Lou backs away from the iron grate.
There’s nothing else in the room. No blanket, no window, no bed, or water. Over her
head is a false ceiling, made of the same wire mesh used to protect the glass window.
The real ceiling is a foot beyond that, and unfinished, exposing the wooden joists
and subfloor of the room above it. A single-bulb light fixture is screwed into a beam
overhead.
The ceiling cage seems like a thin protection. One good swipe with a Were paw and
it would come down. Unless, of course, it’s
—
Lou reaches for the dull gridwork of mesh covering the glass window with one long
white finger.
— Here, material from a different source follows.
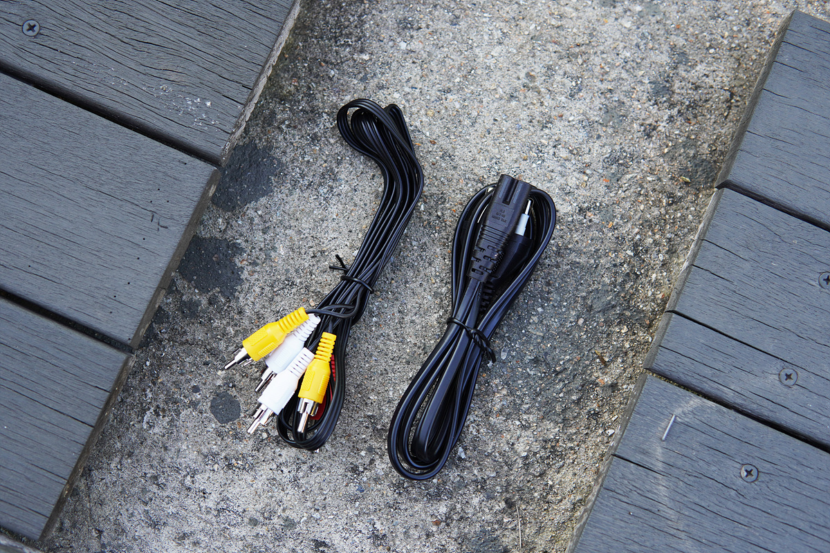 TV에 연결할 수 있는 AV 케이블과 8자형 전원 케이블입니다. 전원 케이블은 분리형이라 나중에 보관을 할 때도 편리합니다. 내부 전원은 220V 전용이므로 110V 케이블을 연결해도 사용할 수 없습니다.

She strokes it, her finger growing more languorous with each swipe.
There are few things that make her languorous in this world. Maple syrup, a wad of
cash, and any one of the oldest of the old—gold, platinum, or silver.
Silver. The dull mesh isn’t oxidized metal. It’s tarnished silver plate.
She fits both hands in the area, positioning them so that each fingertip is on a different
welded join of the gridwork. There’s a moment’s pause as she gathers up the remaining
essence of her gift. She flattens both palms hard across the mesh.
Her mouth’s calling to Ebrel, Fae goddess of the Seven. She keeps her eyes on her
hands. The Fade has reduced them to nothing more than tendon and bone.